2. Unlike Williams, no American soldiers are claiming that O’Reilly stole their valor. The argument that O’Reilly is exaggerating is being made by O’Reilly’s former colleagues at CBS, who were apparently not physically with O’Reilly during the incident in dispute. The claims against Williams came from combat veterans who were at the scene with the NBC News anchor, packing a much bigger emotional punch.

3. The case against O’Reilly feels ideological and personal. Bill O’Reilly’s entire career has been built on the idea that he is a truth-seeking everyman at constant battle with liberal pinheads, and he has been able to successfully respond to this episode using that exact narrative dynamic in his favor. O’Reilly has argued that Mother Jones, the outlet that first reported the claims against him, is a “far left” web site in the business of attacking right-wing figures and that their report was “a political hit job.” Mother Jones has won deserved national awards for its sterling investigative journalism in the past, but it is liberal, and proudly so.
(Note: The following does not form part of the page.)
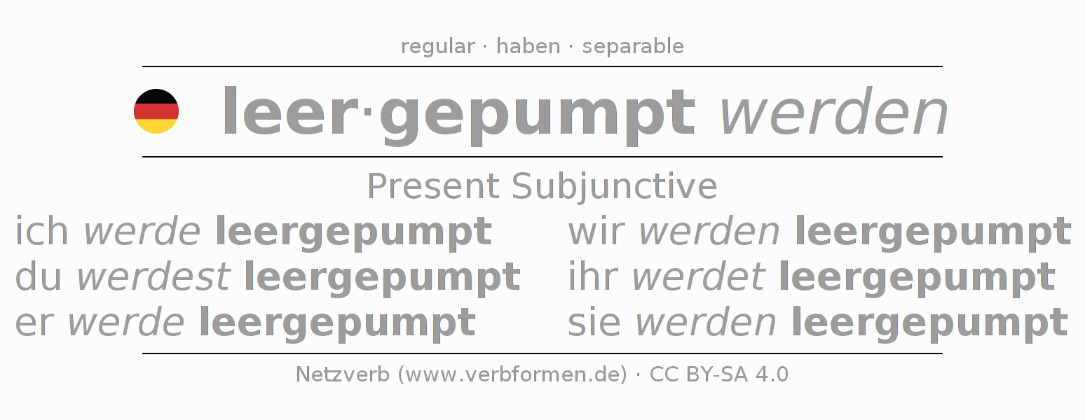 The conjugation of leerpumpen in Subjunctive Present Form of possibility Passive is ich werde leergepumpt, du werdest leergepumpt, er werde leergepumpt, wir werden leergepumpt, ihr werdet leergepumpt, sie werden leergepumpt.The conjugation corresponds to certain grammatical rules. Likewise the requirements for the conjugation of the simple verb forms of leerpumpen in Present Subjunctive. Comments ☆

This makes O’Reilly’s defense easier to swallow, especially for a Fox News audience already inclined to support their man against what they view as partisan attacks from media outlets that they strongly distrust. It doesn’t help that, in an effort to highlight hypocrisy, Mother Jones itself seems to have exaggerated the degree to which O’Reilly “excoriated” Williams in his own commentary about the NBC incident—as the Washington Post noted, O’Reilly actually “went easy on the embattled anchor.”

4. Bill O’Reilly is way more important to Fox News than Brian Williams was to NBC News. O’Reilly’s show has consistently been the top-rated program on the top-rated network in cable news. While “NBC Nightly News” took a ratings hit after Williams’ suspension, he is just not as important in the universe of NBC as O’Reilly is to Fox News. NBC as a network is far more focused on non-news programming like sports, scripted television, and singing Americans of various talent. Add the fact that O’Reilly has survived an even bigger scandal—the 2004 sexual harassment lawsuit—and it seems pretty clear that Fox News is way more invested in O’Reilly’s career than NBC was in Williams’ and will stand by him in almost any situation.

5. Reputation matters. The same liberal critics who might actually push for O’Reilly’s ouster are less outraged by his claims than they were by Williams’ because of how they view both men. The web site “The Frisky” sums it up: “Williams’ lies are a betrayal, because people actually thought he was trustworthy. Bill O’Reilly’s lies are the equivalent of your grandpa telling you he walked ten miles to school everyday, uphill both ways and in four feet of snow.”

Unless the cameraman O’Reilly said was injured during the protests comes forward and calls him a liar, don’t expect any negative repercussions for the popular bloviater. Even then, I wouldn’t hold my breath.